Despite official government rhetoric emphasizing “economic diversification,” Algeria’s proposed 2026 Finance Bill (PLF) reveals a persistent reliance on public spending, massive subsidies, and central dependence on volatile oil revenues.
The PLF, framed as a measure for “economic resilience” and “social consolidation,” was examined by the National People’s Assembly (APN) Finance and Budget Committee. Hearings with budget and treasury officials confirmed a fundamentally redistributive budget lacking a clear roadmap for structural reform away from hydrocarbons.
The 2026 budget allocates a colossal 657.65 billion Algerian dinars (approximately €4.5 billion) to commodity subsidies alone. Key allocations include: €331 billion for cereals. €96 billion for milk. €100 billion to stabilize prices for essential goods like sugar, oil, and green coffee.
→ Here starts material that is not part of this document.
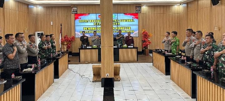 PURBALINGGA | bhayangkaraperdananews.com – Polres Purbalingga menggelar rapat koordinasi (Rakor) lintas sektoral dalam rangka Penanggulangan Konflik di wilayah hukum Polres Purbalingga. Rapat dilaksanakan di Aula Wicaksana Laghawa Mapolres Purbalingga, Jumat (1/8/2025) siang.

Beyond food, the government plans to spend over €106 billion to subsidize the production of desalinated water (addressing the chronic water crisis) and €24 billion for energy subsidies. These massive transfers demonstrate a persistent dependence on public spending without reforming the compensation system, a measure long urged by international financial institutions.
The 2026 Finance Bill forecasts nearly 98,000 new recruitments, with 45,000 prioritized for national education. This policy, often viewed as politically motivated to preserve social cohesion, further inflates a wage bill already estimated at over 35% of budgetary expenditures, potentially crowding out productive investment.
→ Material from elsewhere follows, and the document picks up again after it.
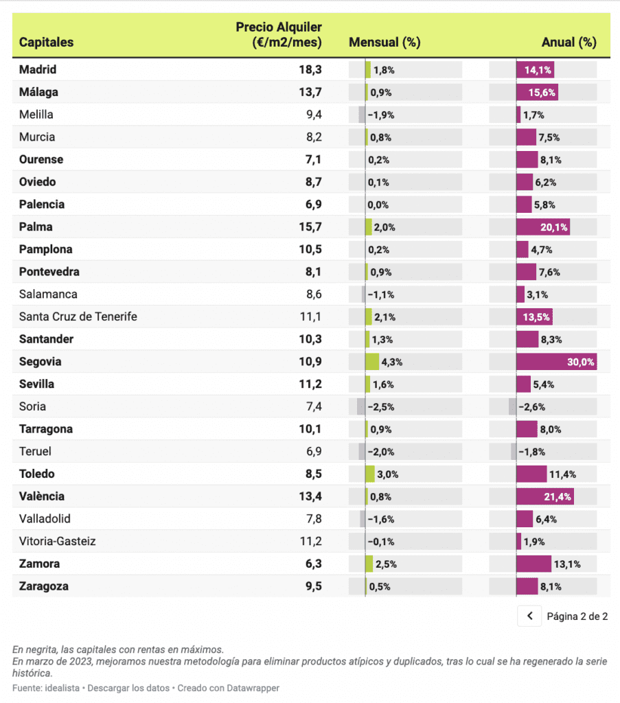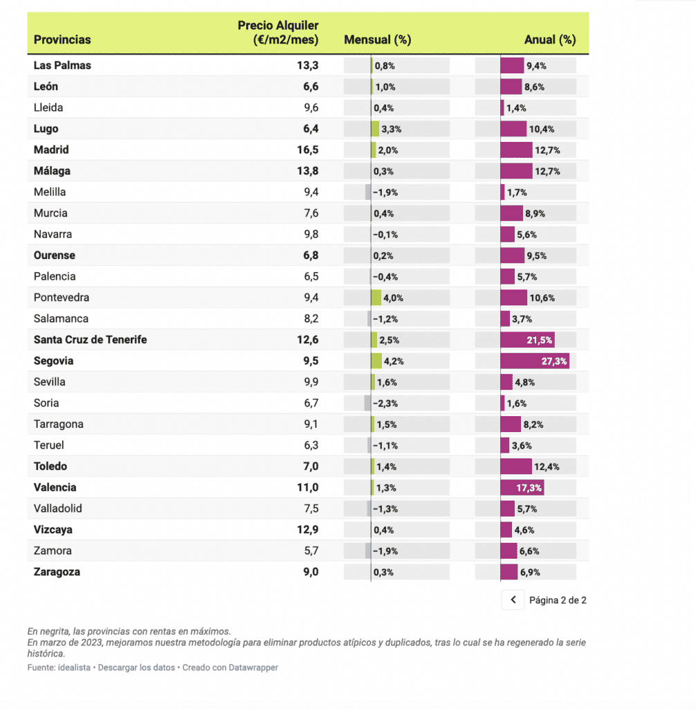 Les hausses les plus importantes ont été enregistrées à Segovia (4,2%), Pontevedra (4%), Lugo (3,3%), Cuenca (3,3%) et Cáceres (2,7%). D’autre part, les provinces qui ont connu les plus fortes baisses de loyers sont Soria (-2,3%), Zamora (-1,9%), Jaén (-1,3%), Valladolid (-1,3%) et Salamanca (-1,2%).

To address social tensions, the Treasury also highlighted “incentive” measures, including a 0% interest rate on certain real estate loans for specific categories of civil servants.
In terms of public investment, the Treasury has mobilized over 8,100 billion dinars (€56 billion) to finance 329 public projects, primarily in infrastructure and transportation. An increase of 687 billion dinars is planned for 2026, targeting rail, energy, and water projects.
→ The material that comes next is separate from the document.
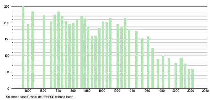 L'évolution du nombre d'habitants est connue à travers les recensements de la population effectués dans la commune depuis 1793. Pour les communes de moins de 10 000 habitants, une enquête de recensement portant sur toute la population est réalisée tous les cinq ans, les populations de référence des années intermédiaires étant quant à elles estimées par interpolation ou extrapolation[22]. Pour la commune, le premier recensement exhaustif entrant dans le cadre du nouveau dispositif a été réalisé en 2007[23].

However, observers note that these significant investments are proceeding without any public assessment of their profitability or effective monitoring of their implementation, a concern given the country’s recurrent history of project delays and cost overruns.
In conclusion, while the government pushes rhetoric of diversification, the 2026 Finance Bill solidifies the centrality of the public sector and confirms the Algerian economy’s reliance on oil revenues. The lack of tax reform, the low productivity of public enterprises, and the marginalization of the private sector continue to limit the country’s ability to generate sustainable, non-hydrocarbon growth.